▶ [Assignment] From the line with "- 12nm~0.35umま" to the line with "Kramer zieht die", retype each line exactly as it stands in the records below, but skip the pictures.

▶ [Records for this exercise]
++++++++

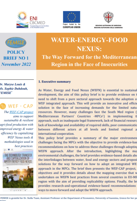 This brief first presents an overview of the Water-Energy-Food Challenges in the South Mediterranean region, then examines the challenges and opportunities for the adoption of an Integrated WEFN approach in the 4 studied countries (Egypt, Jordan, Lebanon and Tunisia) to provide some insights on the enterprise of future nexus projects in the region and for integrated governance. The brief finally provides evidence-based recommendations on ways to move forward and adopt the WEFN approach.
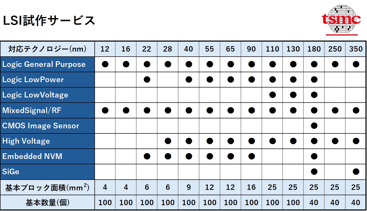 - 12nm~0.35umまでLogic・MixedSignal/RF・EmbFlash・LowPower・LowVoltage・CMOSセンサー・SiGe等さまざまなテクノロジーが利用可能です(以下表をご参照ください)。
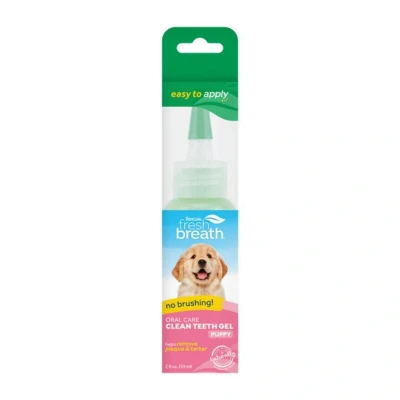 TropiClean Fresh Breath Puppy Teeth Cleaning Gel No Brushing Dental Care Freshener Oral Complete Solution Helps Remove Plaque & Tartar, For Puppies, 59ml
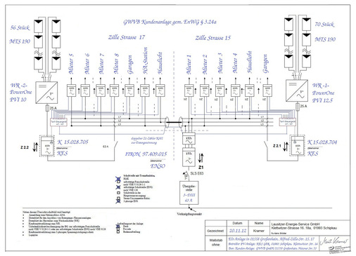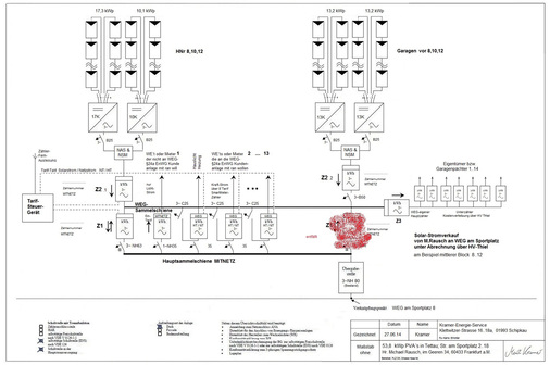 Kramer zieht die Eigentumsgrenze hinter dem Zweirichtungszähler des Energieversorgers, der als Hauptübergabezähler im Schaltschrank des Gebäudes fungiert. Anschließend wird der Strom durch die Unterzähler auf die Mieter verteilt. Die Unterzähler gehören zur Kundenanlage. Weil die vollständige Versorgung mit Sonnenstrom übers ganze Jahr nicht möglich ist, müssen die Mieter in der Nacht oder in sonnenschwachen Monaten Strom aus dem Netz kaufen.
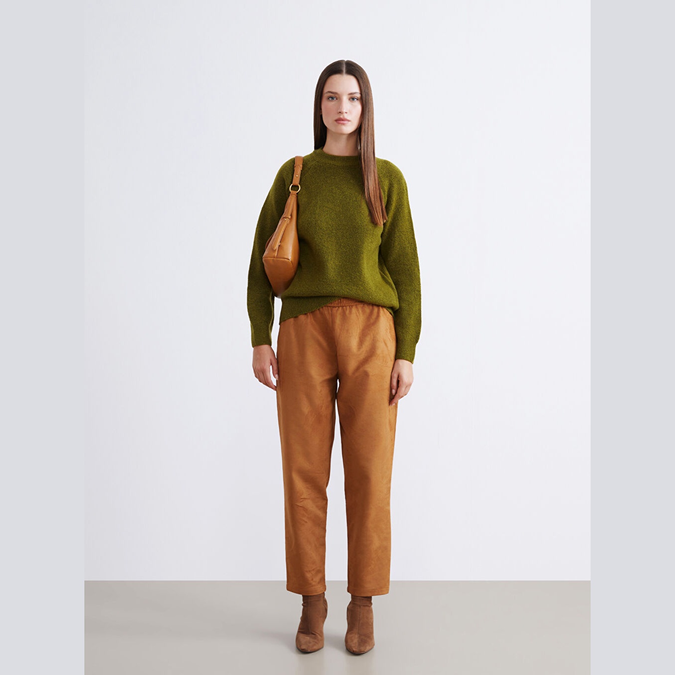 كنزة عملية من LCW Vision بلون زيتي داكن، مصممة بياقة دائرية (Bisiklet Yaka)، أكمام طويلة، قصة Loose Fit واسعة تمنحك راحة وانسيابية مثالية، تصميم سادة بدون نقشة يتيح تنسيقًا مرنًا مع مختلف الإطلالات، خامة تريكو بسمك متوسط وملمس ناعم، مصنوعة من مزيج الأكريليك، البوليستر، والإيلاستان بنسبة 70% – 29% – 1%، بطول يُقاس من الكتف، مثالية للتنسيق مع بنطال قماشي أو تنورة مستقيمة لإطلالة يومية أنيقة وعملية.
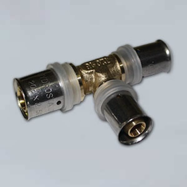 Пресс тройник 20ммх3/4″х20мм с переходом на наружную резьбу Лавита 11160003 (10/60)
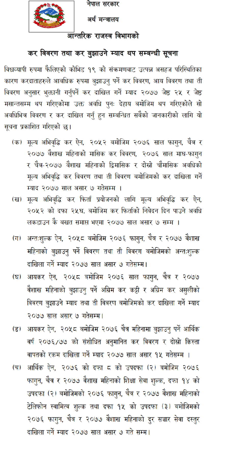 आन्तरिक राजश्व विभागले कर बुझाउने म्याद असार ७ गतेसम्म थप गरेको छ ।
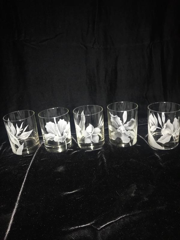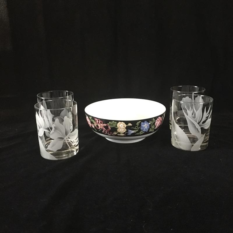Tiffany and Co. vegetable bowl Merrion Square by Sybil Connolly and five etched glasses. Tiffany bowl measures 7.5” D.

++++++++

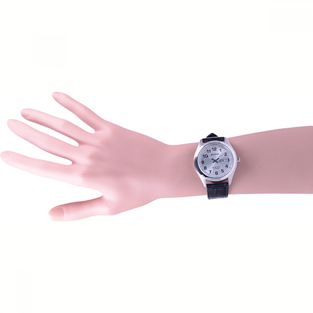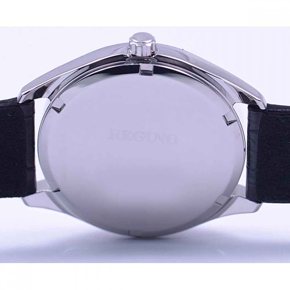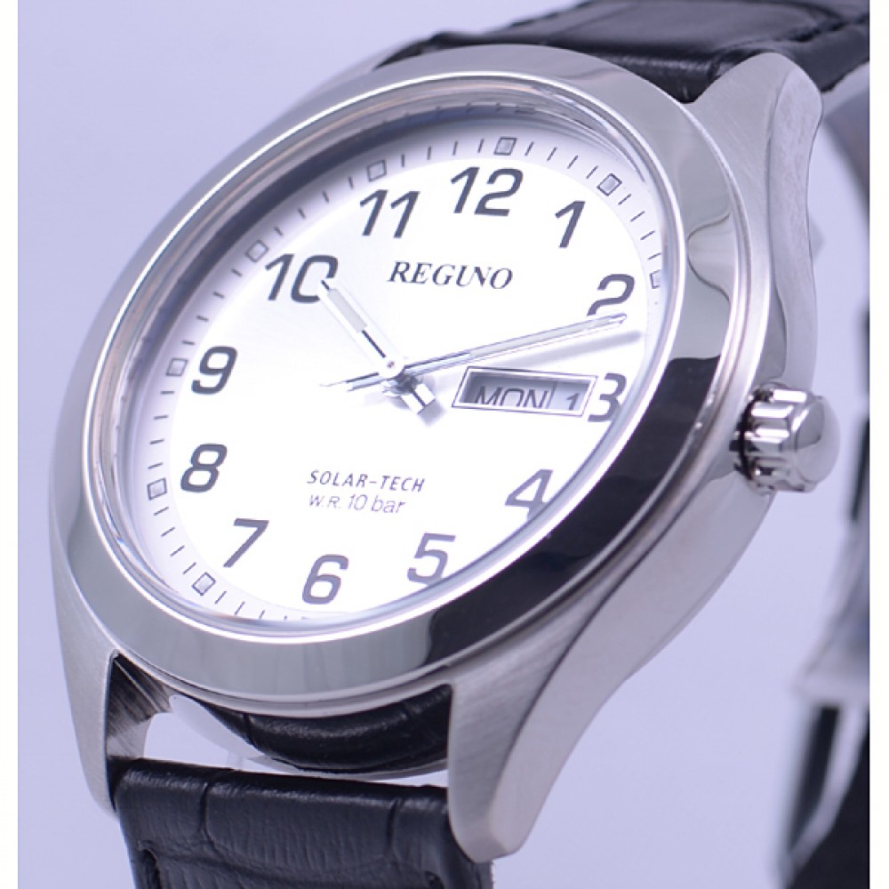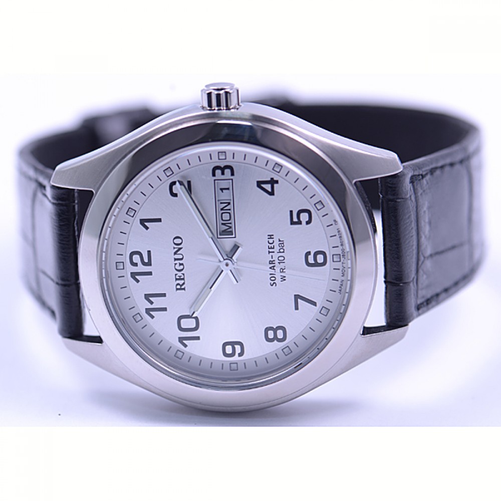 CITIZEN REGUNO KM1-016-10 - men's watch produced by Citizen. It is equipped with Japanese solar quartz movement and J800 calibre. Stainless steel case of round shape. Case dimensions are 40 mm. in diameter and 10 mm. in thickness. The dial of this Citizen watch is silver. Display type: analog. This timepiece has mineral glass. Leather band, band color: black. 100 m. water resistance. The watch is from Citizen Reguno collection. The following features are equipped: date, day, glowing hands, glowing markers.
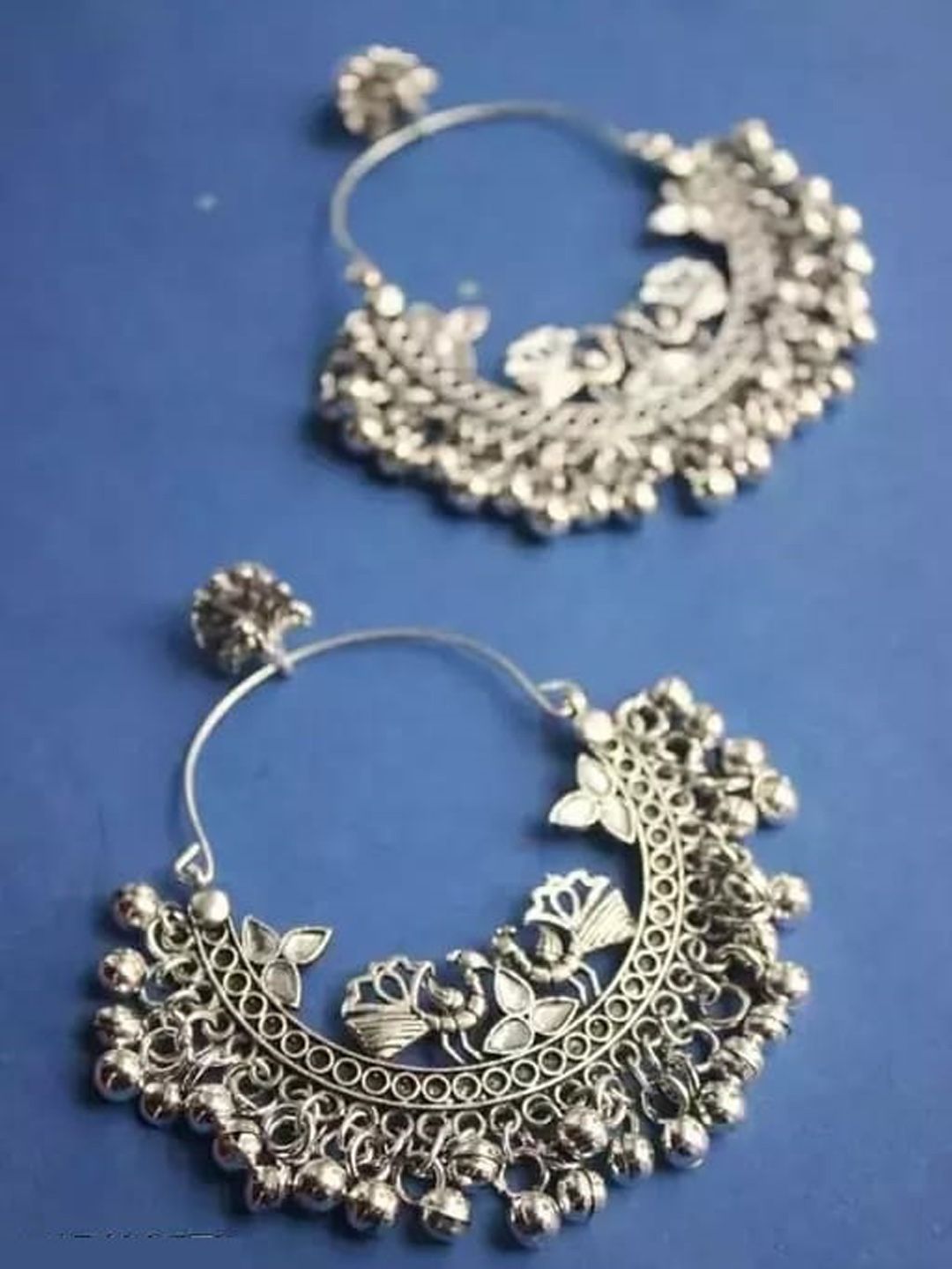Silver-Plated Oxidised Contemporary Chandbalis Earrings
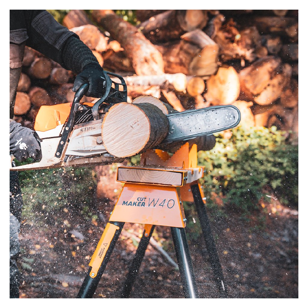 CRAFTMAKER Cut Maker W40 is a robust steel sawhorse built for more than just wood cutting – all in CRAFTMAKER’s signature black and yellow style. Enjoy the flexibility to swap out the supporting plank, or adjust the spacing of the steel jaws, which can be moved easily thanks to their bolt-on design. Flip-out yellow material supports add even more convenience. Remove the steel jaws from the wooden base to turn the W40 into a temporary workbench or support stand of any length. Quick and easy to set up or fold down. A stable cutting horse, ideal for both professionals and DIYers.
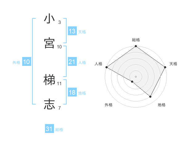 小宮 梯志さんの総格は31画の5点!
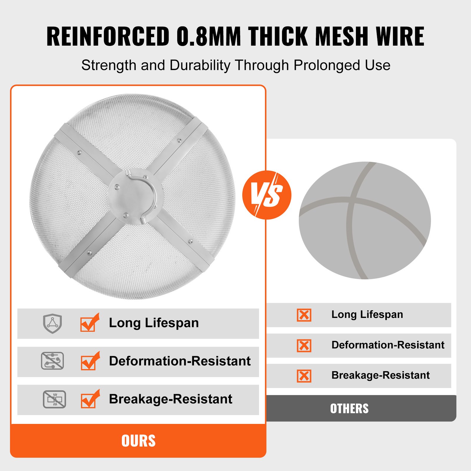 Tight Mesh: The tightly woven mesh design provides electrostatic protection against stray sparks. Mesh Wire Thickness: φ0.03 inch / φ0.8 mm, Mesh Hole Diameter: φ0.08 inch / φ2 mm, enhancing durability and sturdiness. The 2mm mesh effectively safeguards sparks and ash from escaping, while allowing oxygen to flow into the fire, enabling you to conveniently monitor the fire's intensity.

++++++++

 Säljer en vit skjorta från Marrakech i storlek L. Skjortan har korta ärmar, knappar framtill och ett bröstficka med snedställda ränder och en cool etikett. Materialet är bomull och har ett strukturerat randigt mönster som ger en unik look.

++++++++

▶ [Written reply]
 - 12nm~0.35umまでLogic・MixedSignal/RF・EmbFlash・LowPower・LowVoltage・CMOSセンサー・SiGe等さまざまなテクノロジーが利用可能です(以下表をご参照ください)。
 TropiClean Fresh Breath Puppy Teeth Cleaning Gel No Brushing Dental Care Freshener Oral Complete Solution Helps Remove Plaque & Tartar, For Puppies, 59ml
 Kramer zieht die Eigentumsgrenze hinter dem Zweirichtungszähler des Energieversorgers, der als Hauptübergabezähler im Schaltschrank des Gebäudes fungiert. Anschließend wird der Strom durch die Unterzähler auf die Mieter verteilt. Die Unterzähler gehören zur Kundenanlage. Weil die vollständige Versorgung mit Sonnenstrom übers ganze Jahr nicht möglich ist, müssen die Mieter in der Nacht oder in sonnenschwachen Monaten Strom aus dem Netz kaufen.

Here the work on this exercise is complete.